Train-to-Test ($T^2$) Scaling Laws: Optimizing LLM Training and Inference

University of Wisconsin-Madison and Stanford researchers have introduced Train-to-Test (T²) scaling laws, a framework that jointly optimizes model size, training data volume and inference-time sampling count to minimize total compute cost for reasoning-intensive AI workloads, demonstrating that overtrained little models can outperform larger Chinchilla-optimal models under fixed budgets when generating multiple reasoning samples.

For years, AI scaling has operated under a dangerous fiction: that training and inference are separate problems. The Chinchilla optimum—20 training tokens per parameter—became gospel not given that it was universally optimal, but because it minimized pre-training loss under isolated assumptions. Yet as agentic workflows proliferate, from code generation to mathematical reasoning, the real bottleneck shifted to inference. When each sample costs heavily due to model size, techniques like pass@k sampling develop into prohibitively expensive. T² scaling resolves this by treating training and inference as a single constrained optimization problem, where the objective is to maximize downstream accuracy per unit of total compute—pre-training plus inference.

The framework’s core insight is elegantly brutal: under a fixed compute budget C, total cost is modeled as 6ND (pre-training) + 2Nk (inference), where N is parameter count, D is training tokens, and k is the number of reasoning samples generated at test time. Performance is then approximated either via modified loss (for internal research) or pass@k (for practical deployment). By jointly optimizing N, D, and k, T² reveals that the compute-optimal frontier pivots hard toward extreme overtraining—think 100+ tokens per parameter—on compact models, then leveraging the saved FLOPs to run dozens of inference samples.
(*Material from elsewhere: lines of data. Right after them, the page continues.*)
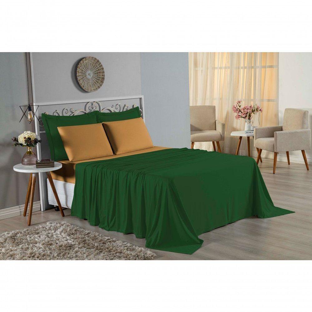 Jogo De Cama Casal Nobre 4 Peças Lençol Com Elástico De 30cm De Altura Malha 100% Algodão - Verde-bandeira / Cobre
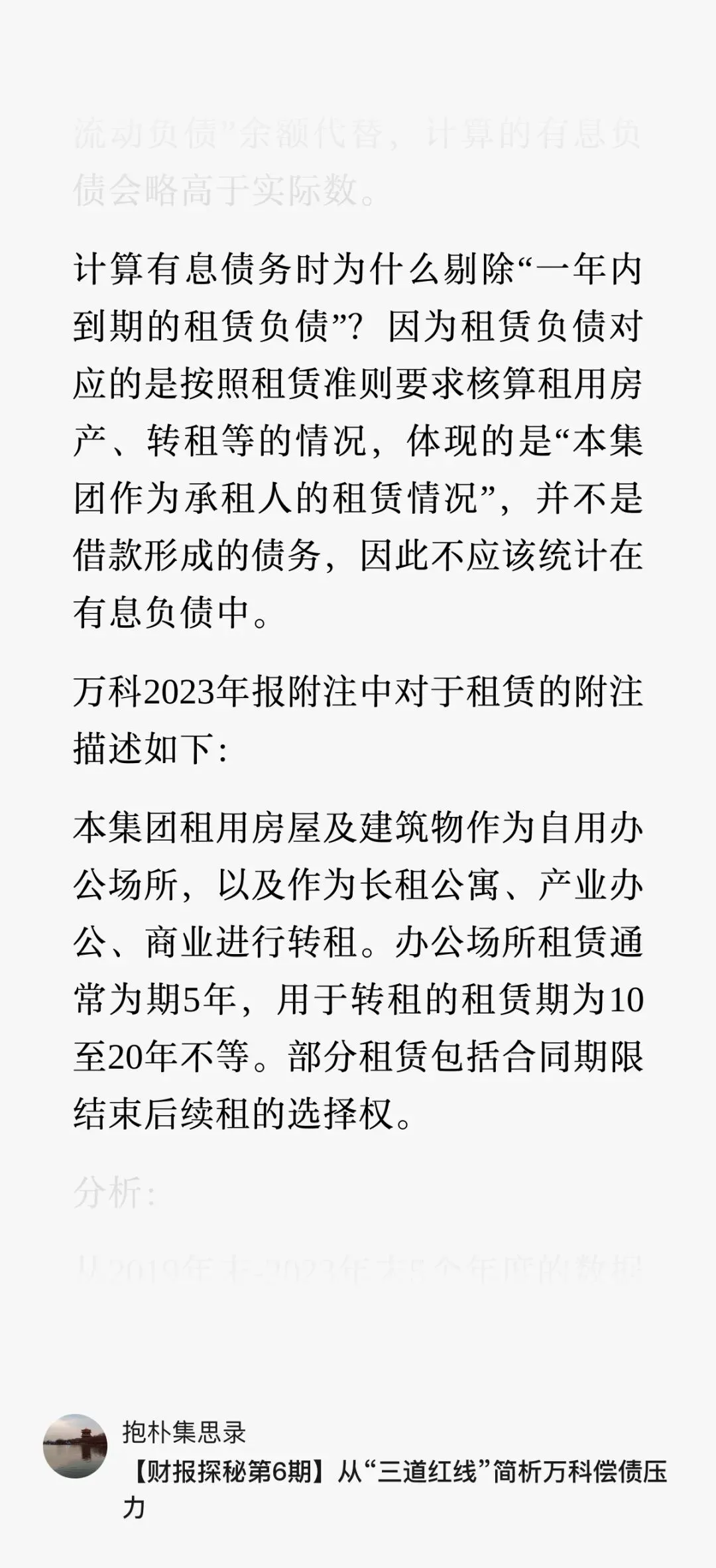 在上篇文章【财报探秘6】中,计算万科有息负债,就使用的是算法二的公式,剔除了一年内到期的租赁负债。
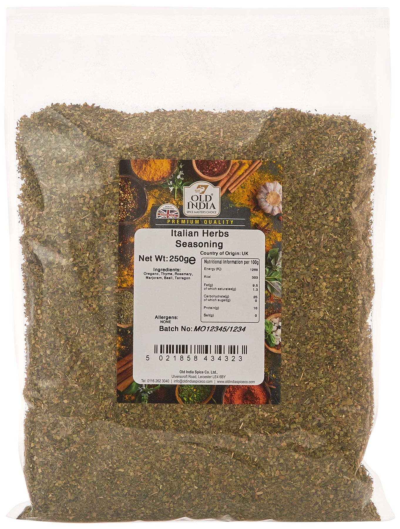 Old India Italian Herbs Seasoning is a premium blend of natural herbs including oregano, thyme, rosemary, marjoram, basil, and tarragon. Perfect for enhancing the flavor of curries, vegetable dishes, sauces, soups, stews, and more, this seasoning is crafted to deliver authentic taste in every use.
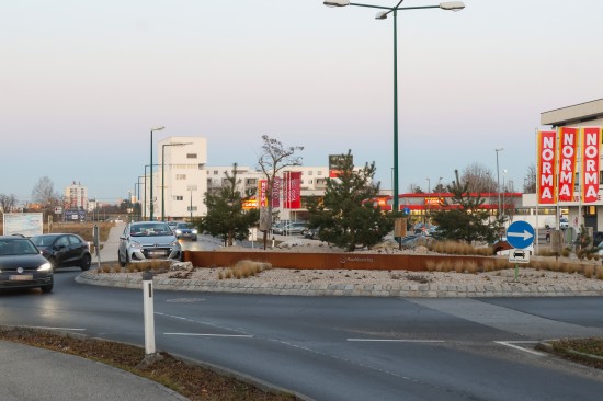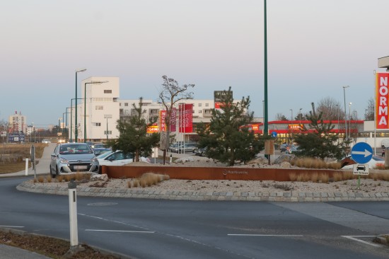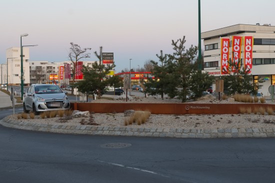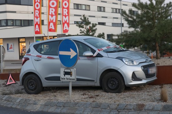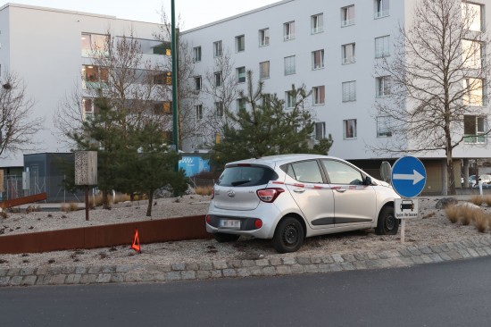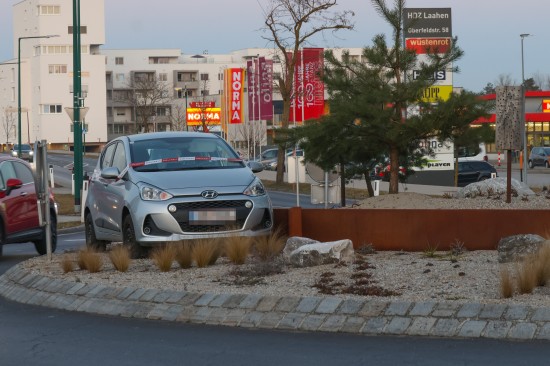 Kurioser Anblick: Auto steht mitten im "Maschinenring-Kreisverkehr" in Wels-Vogelweide
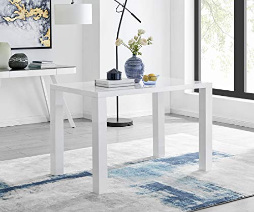 GOLDFAN White High Gloss Dining Table Modern Rectangle Kitchen Tables Wood Style for 4-6 People Dining Room Furniture (Table Only) [Energy Class A++]
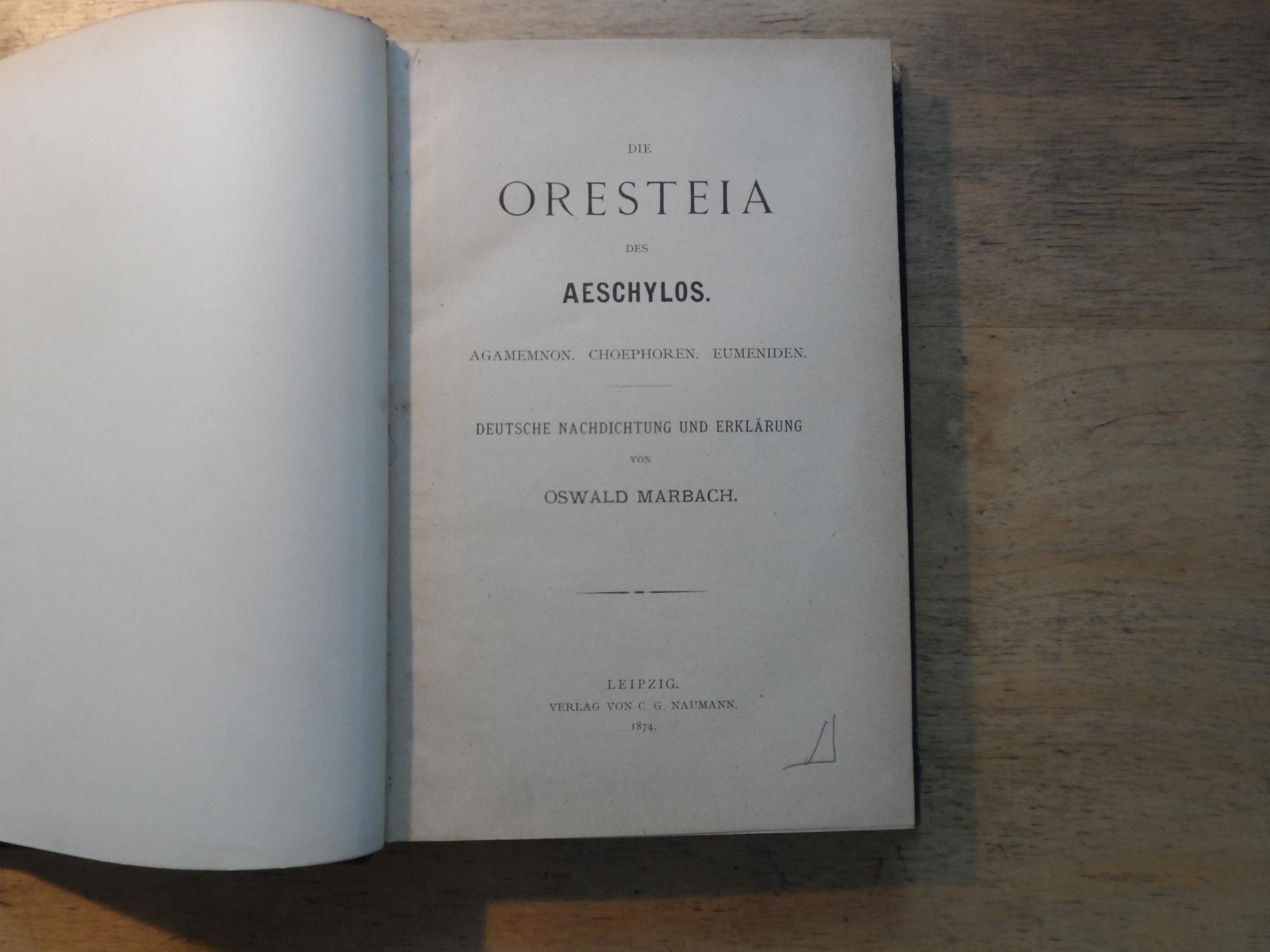 Die Oresta des Aeschylos - Agamemnon Choephoren Eumeniden
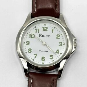 Brown Eiger Men's Watch. Fully functional with brand new batteries. Adjustable band fits 7 1/2 in wrist or near.
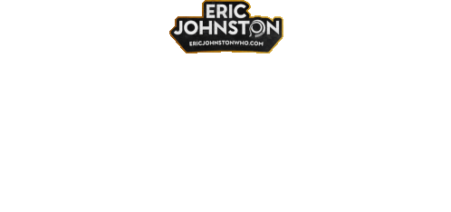Eric Johnston's animated logo featuring his name, website, and a stylized bullwhip, representing his comedy brand.
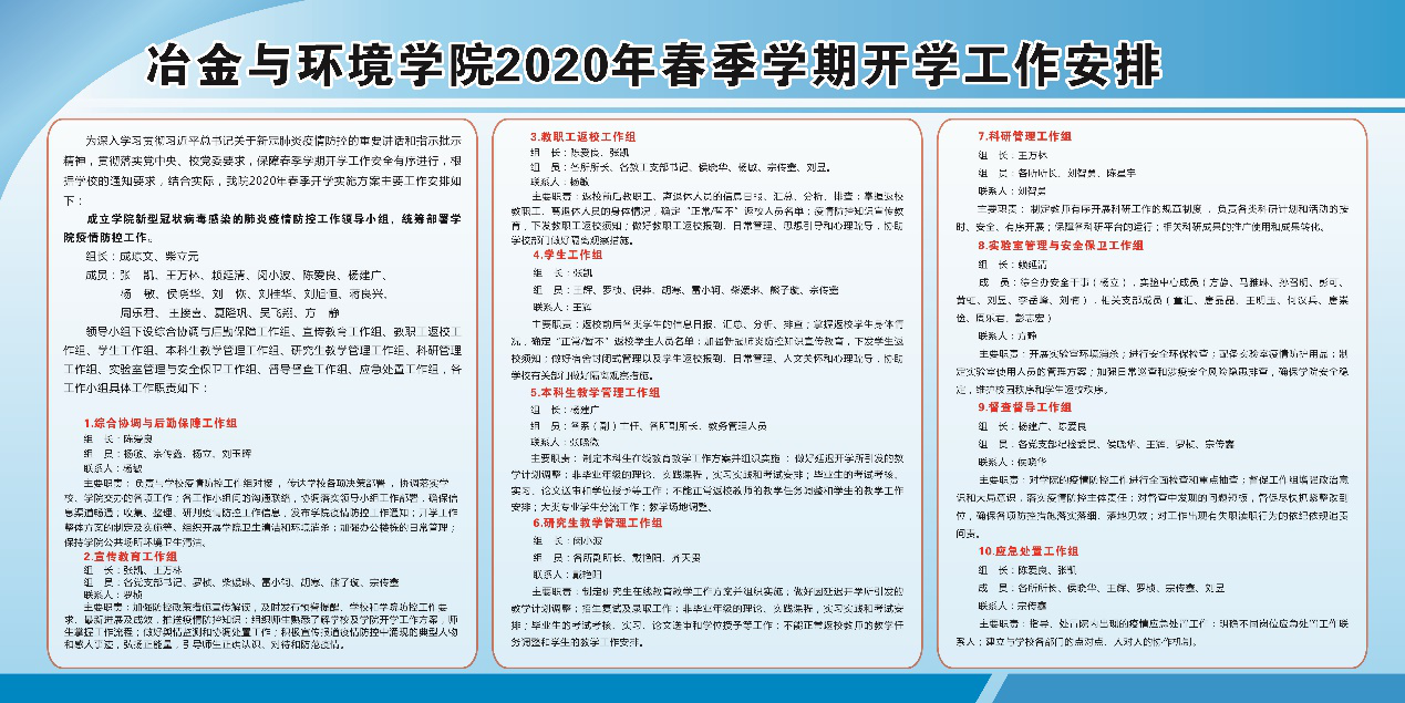 公司成立由院党委书记和院长为组长,各分管院领导、教工支部书记、研究所所长等为组员的学院新冠肺炎疫情防控工作领导小组,统筹部署学院疫情防控工作。领导小组下设综合协调与后勤保障工作组、宣传教育工作组、教职工返校工作组等10个工作小组,明确工作职责、小组成员和联系人,全面部署开学后疫情防控和师生返校工作,做到分工明确,责任到人。
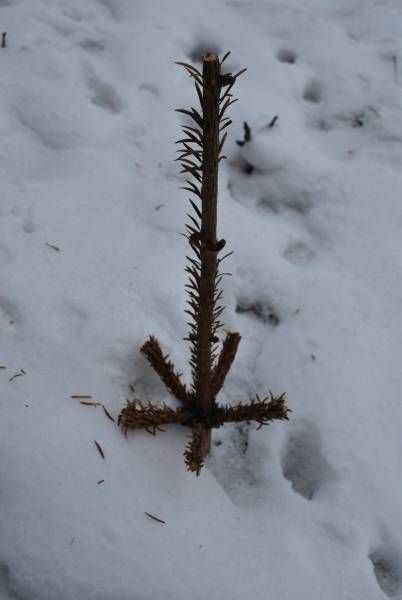 Las agujas y la corteza deben eliminarse de la parte superior del árbol también.

In their 5M-to-901M parameter testbed, overtrained 100M-token models routinely beat 300M-token Chinchilla baselines on ARC, GSM8K, and OpenBookQA when k≥8, despite identical pre-training compute.

“We’re not saying bigger models are useless—we’re saying that for reasoning under latency or cost constraints, throwing more data at a smaller model and letting it ‘think longer’ at inference is often the smarter move.”

— Nicholas Roberts, co-author of the T² scaling paper and PhD candidate at Stanford’s AI Lab, speaking at the NeurIPS 2025 Workshop on Efficient Foundation Models.

What makes T² actionable today is its compatibility with existing inference optimizations. KV caching, already standard in Hugging Face Transformers and vLLM, amortizes the cost of re-processing prompts across multiple samples. For a 70B parameter model generating 16 samples, KV caching reduces memory bandwidth needs by ~12x versus naive recomputation, turning what was a bandwidth-bound nightmare into a feasible latency target. Even more promising, recent perform from Cerebras on weight-stationary execution shows that for overtrained models with high reuse patterns, inference energy per token can drop below 10 pJ—closing in on the theoretical Landauer limit for synaptic operations.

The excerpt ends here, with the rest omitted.